In deze civiele procedure, die diende voor de Rechtbank Rotterdam, is op 6 februari 2019 vonnis gewezen in een incident betreffende zekerheidstelling. De eiseres, Eurofinance Services Inc., gevestigd in Monrovia, Liberia, heeft een vordering ingesteld tegen de gedaagde, Asset Management Corporation of Nigeria, gevestigd in Abuja, Nigeria.
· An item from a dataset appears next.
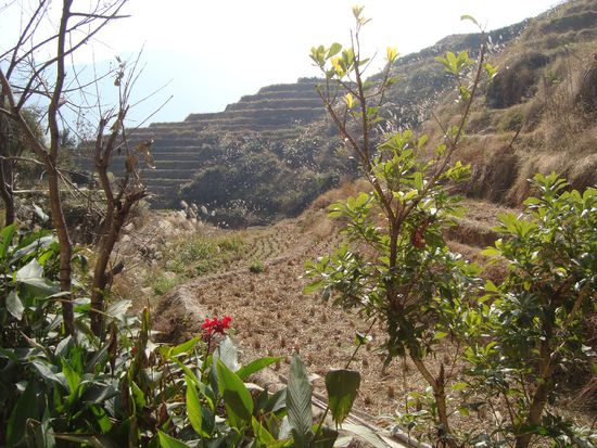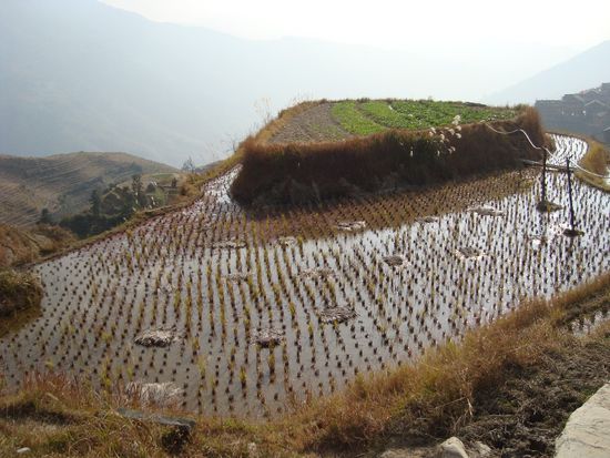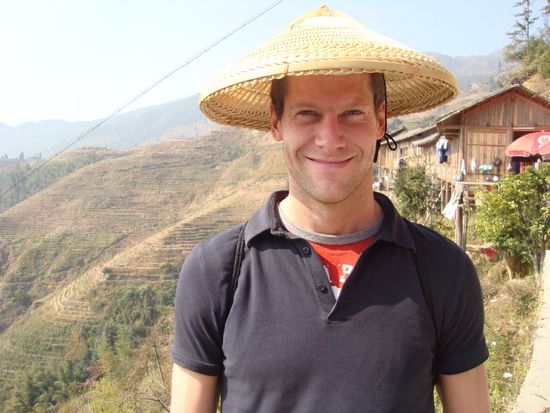 Oben auf den Ping'An Zhuang- "Sonnen"- Terassen war ein Kopfschutz schon mal ger nicht verkehrt.

De eiseres vorderde dat de rechtbank Eurofinance zou bevelen om zekerheid te stellen voor de proceskosten, met een primair bedrag van € 32.936,31 en subsidiair € 7.455,81. De rechtbank heeft vastgesteld dat Eurofinance, die geen woon- of verblijfplaats in Nederland heeft, op grond van artikel 224 lid 1 van het Wetboek van Burgerlijke Rechtsvordering (Rv) verplicht is om zekerheid te stellen.
De rechtbank heeft de hoogte van de zekerheidstelling bepaald op € 12.936,-, gebaseerd op het financiële belang van de zaak, dat hoger is dan 1 miljoen euro. De rechtbank heeft ook opgemerkt dat Eurofinance verweer voerde tegen de vordering van Amcon, waarbij zij aanvoerde dat het incident misbruik van procesrecht was. De rechtbank heeft echter geoordeeld dat Eurofinance verplicht is om zekerheid te stellen, ongeacht de aanhangige arbitrageprocedure.
De rechtbank heeft bepaald dat de zekerheid moet worden gesteld in de vorm van een onherroepelijke bankgarantie van een Nederlandse bank, met een termijn van vier weken voor het stellen van deze zekerheid. De beslissing over de kosten van het incident is aangehouden tot de hoofdzaak. Het vonnis is openbaar uitgesproken op 6 februari 2019 door mr. J.F. Koekebakker.